- Task item -
Line by line, the data below should be set down unchanged, with images excluded.

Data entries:
· · ·

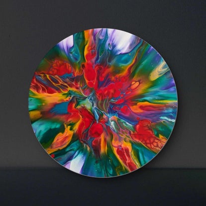 Ajoutez une explosion de couleur à votre intérieur avec notre tableau rond 'Éclat de Joie'. Réalisé en coton de 380 g/m² avec des peintures acryliques fines, cette toile d'art fluide est dotée d'une finition vitrifiée pour une brillance durable.
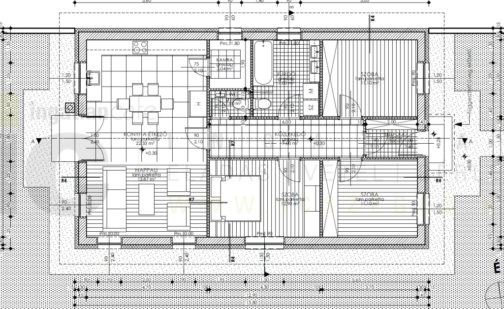 - Egyszintes amerikaikonyhás nappali + 3 szoba, élhető tágat terekkel.
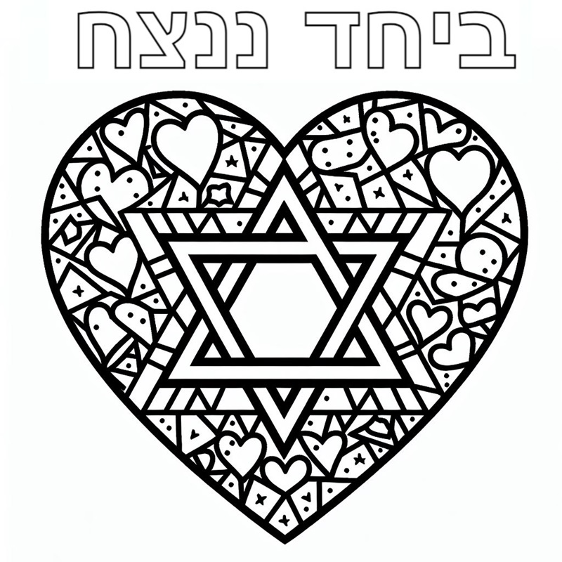 דף צביעה של ביחד ננצח לב מגן דוד להדפסה או להורדה בחינם, למחשב או לטלפון (אפשר להדפיס גם מהטלפון) ציור של ביחד ננצח לב מגן דוד לצביעה, איור של ביחד ננצח לב מגן דוד להדפסה לצביעה לילדים
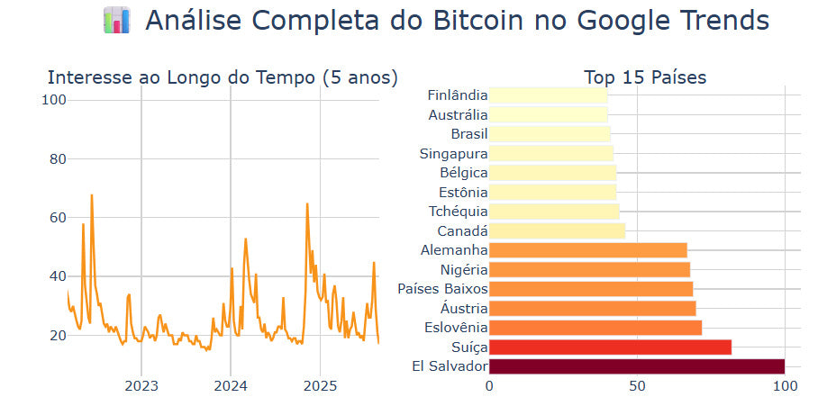 🗺️ Mapa Mundial: calor global do termo Bitcoin por região.
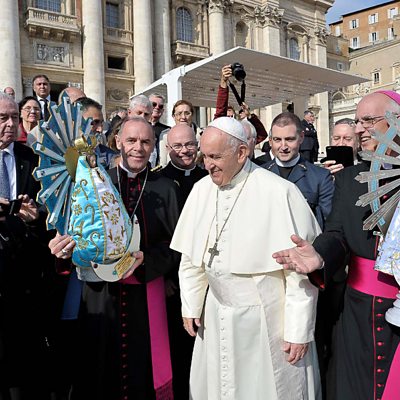 Ahead of Remembrance Sunday, Paul Mason, the Roman Catholic Bishop for the Armed Forces met his Argentinian counterpart in Rome to return a statue of Our Lady of Lujan. The statue was left behind at the end of the Falklands War and brought back to Britain. In the exchange attended by Pope Francis, the Argentinians presented a replica for the military cathedral in Aldershot. She's been called the 'Trump Whisperer' because of her closeness to the American president. This week the Pentecostal preacher Paula White was named as Advisor to the White House Faith and Opportunity Initiative. A well known televangelist - Paula White's new role is seen as a sign that President Trump is keen to keep the support of religious conservative voters. So who is Paula White and how has she forged this preacher - president relationship? This week Cardinal Nichols the leader of the Catholic Church in England and Wales was called to give evidence to the Independent Inquiry into Child Sexual Abuse. We report on his appearance and hear exclusively from one of the abuse survivors who was referred to in the hearing. Producers: David Cook Rajeev Gupta Series Producer: Amanda Hancox
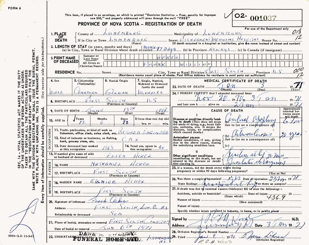 PROVINCE OF NOVA SCOTIA — REGISTRATION OF DEATH
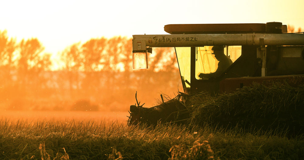 10月3日,農(nóng)戶在北大荒集團黑龍江八五六農(nóng)場有限公司第五管理區(qū)搶收水稻(無人機照片)。新華社發(fā)(黃永興攝)

· · ·

- Written reply -
 Ajoutez une explosion de couleur à votre intérieur avec notre tableau rond 'Éclat de Joie'. Réalisé en coton de 380 g/m² avec des peintures acryliques fines, cette toile d'art fluide est dotée d'une finition vitrifiée pour une brillance durable.
 - Egyszintes amerikaikonyhás nappali + 3 szoba, élhető tágat terekkel.
 דף צביעה של ביחד ננצח לב מגן דוד להדפסה או להורדה בחינם, למחשב או לטלפון (אפשר להדפיס גם מהטלפון) ציור של ביחד ננצח לב מגן דוד לצביעה, איור של ביחד ננצח לב מגן דוד להדפסה לצביעה לילדים
 🗺️ Mapa Mundial: calor global do termo Bitcoin por região.
 Ahead of Remembrance Sunday, Paul Mason, the Roman Catholic Bishop for the Armed Forces met his Argentinian counterpart in Rome to return a statue of Our Lady of Lujan. The statue was left behind at the end of the Falklands War and brought back to Britain. In the exchange attended by Pope Francis, the Argentinians presented a replica for the military cathedral in Aldershot. She's been called the 'Trump Whisperer' because of her closeness to the American president. This week the Pentecostal preacher Paula White was named as Advisor to the White House Faith and Opportunity Initiative. A well known televangelist - Paula White's new role is seen as a sign that President Trump is keen to keep the support of religious conservative voters. So who is Paula White and how has she forged this preacher - president relationship? This week Cardinal Nichols the leader of the Catholic Church in England and Wales was called to give evidence to the Independent Inquiry into Child Sexual Abuse. We report on his appearance and hear exclusively from one of the abuse survivors who was referred to in the hearing. Producers: David Cook Rajeev Gupta Series Producer: Amanda Hancox
 PROVINCE OF NOVA SCOTIA — REGISTRATION OF DEATH
 10月3日,農(nóng)戶在北大荒集團黑龍江八五六農(nóng)場有限公司第五管理區(qū)搶收水稻(無人機照片)。新華社發(fā)(黃永興攝)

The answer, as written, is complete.